Play safety standards to undergo changes

Bumps, bruises and even a broken limb are part of learning through play, indicate some proposed changes to safety standards for children's play equipment and surfacing.

Keith Dalton uses events to explain the changes to safety standards - photo: HW
Keith Dalton uses events to explain the changes to safety standards - photo: HW

Major revisions have been made to BS EN 1176 / 1177 - the Safety Standards for Children's Playground Equipment and Surfacing - and include the idea that play areas must provide a balance between safety and challenge.

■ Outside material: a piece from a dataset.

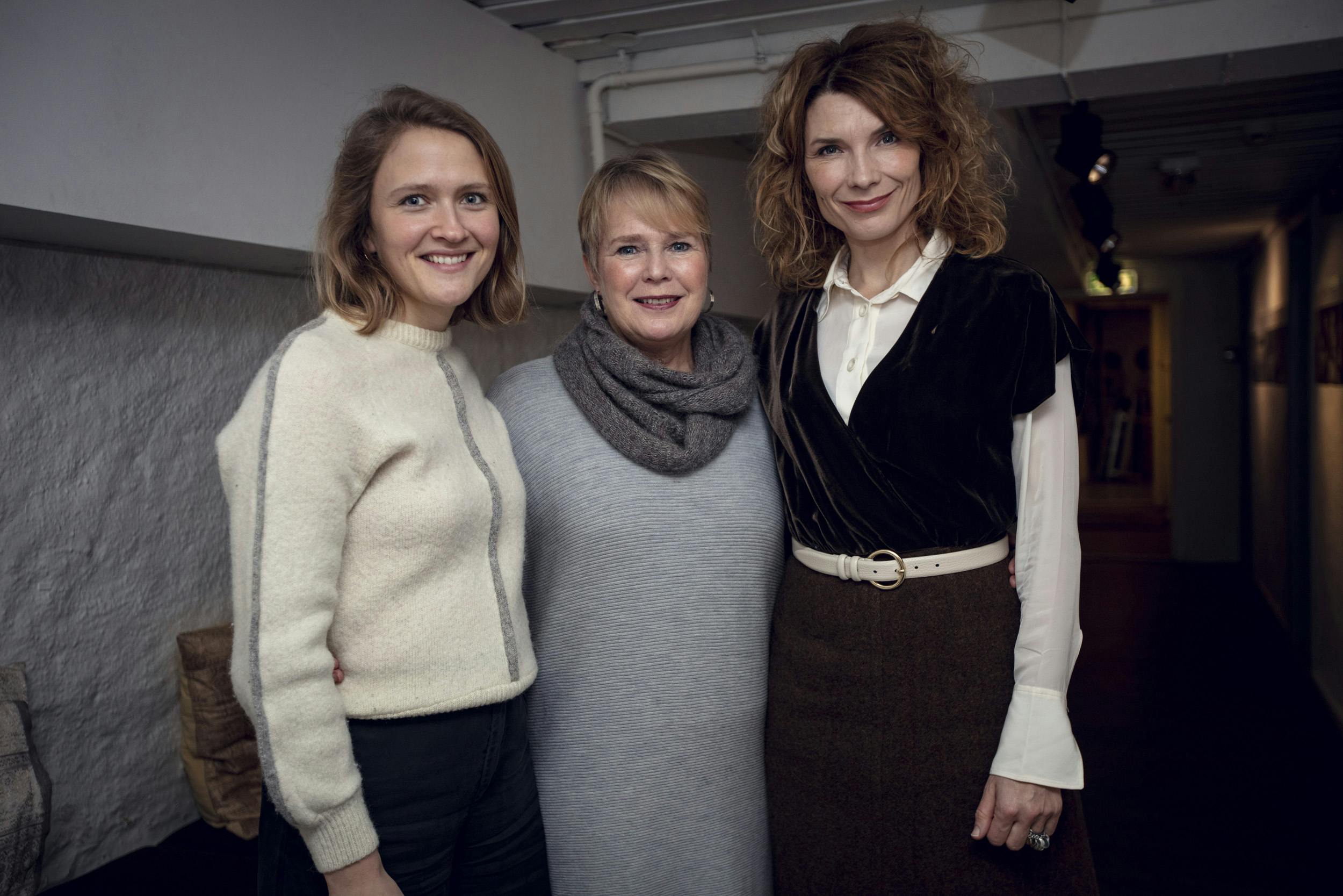 Tre ivrige og snakkeglade damer drikker lunken farris og pappbegerkaffe i skuespillerfoajeen på Oslo Nye Teater. De representerer hver sin generasjon både på scenen og i det virkelige livet. De to eldste har riktignok roller som både med ett og flere tiår overgår deres egen alder. Med sine 61 år har Birgitte Victoria Svendsen et kvart hundreår igjen før hun er på alder med Mias mamma på 87 år. Hun er Den eldre i stykket. Den middelaldrende Herborg Kråkevik er bare ti år yngre enn Mias 57 år. Mari Dahl Sæther på 31 år, Den unge, får derimot leke seg tilbake til begynnelsen av 20-årene i rollen som Mias datter Daisy. Men hun spiller også småbarnsmamma, en krumbøyd 97-åring og en mobbende tenåringsjente.

The Play Inspection Company's managing director Keith Dalton, who is technical director of the Register of Playground Inspectors, said: "Children need to learn to cope with risk and this may lead to bumps, bruises and even occasionally a broken limb.

"This is one of the principal changes written in the standards. The aim of this standard is to prevent accidents with a disabling or fatal consequence - play areas need to provide a balance between safety and challenge."

The new standard was published on 31 July and Dalton has been running training events to raise awareness of the changes, along with Wicksteed Leisure's technical manager Rob Davies.

Davies explained to visitors at IoG Saltex that changes had been made to entrapment tests, as well as to definitions over climbing equipment, means of access and surfaces. He added that specific rules on grass surfaces had been written into the BS rules for the UK.

Dalton explained that the most important part of play area design was allowing children to take risks in a controlled environment.

"It can be used where the maximum fall height from equipment is less than 1.5m and the grass must have at least 150mm of soil under it."

It gives us another surface as well as the synthetic surfaces we already use," said Davies.